# Afternoon Squirrel Hunt



## sljones (Jan 14, 2017)

What a great afternoon of fellowship during a good ole South Ga squirrel hunt with Dr. Steven Grantham, Dr. Jim Rahn and Hunter, Troy E. Spires and Graham Spires, and Lee Mathis. Extremely hot on the dogs but as usual, they hunted their hearts out, worked through the heat and found the game. These guys were awesome shots and were knocking them out for the dogs. Gave a coon a pass. Put 34 on the tailgate in 3 1/2 hours.
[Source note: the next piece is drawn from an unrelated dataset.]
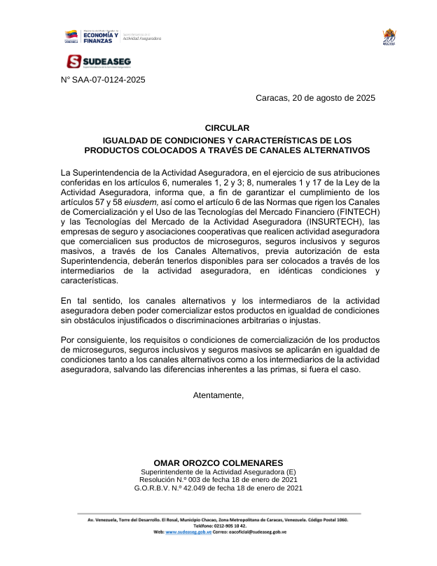 Por medio de una circular, la institución indicó que, en cumplimiento de la Ley de la Actividad Aseguradora y de las normas que rigen los Canales de Comercialización y el Uso de las Tecnologías del Mercado Financiero (Fintech) y las Tecnologías del Mercado de la Actividad Aseguradora (Insurtech), las empresas de seguro y asociaciones cooperativas que realicen actividad aseguradora y que comercialicen sus productos de microseguros, seguros inclusivos y seguros masivos, a través de los Canales Alternativos, deberán tenerlos disponibles para ser colocados a través de los intermediarios de la actividad aseguradora, en idénticas condiciones y características.

Great job by all.


----------



## king killer delete (Jan 14, 2017)

Great hunt. I love to hunt those guys. Bout I have never hunted with a dog. Really great hunt.


----------



## pine floor (Jan 15, 2017)

Man, yall put the smackdown on them squirrels.

Nice 

PF


----------



## Doug B. (Jan 15, 2017)

Great hunt!  Good looking dogs!


----------



## RJR (Jan 15, 2017)

Congrats on a great hunt! I was wondering when you were going to start posting some pics!


----------



## Barebowyer (Jan 15, 2017)

Well done on the meat!!


----------



## state159 (Jan 16, 2017)

Great hunt Stan.


----------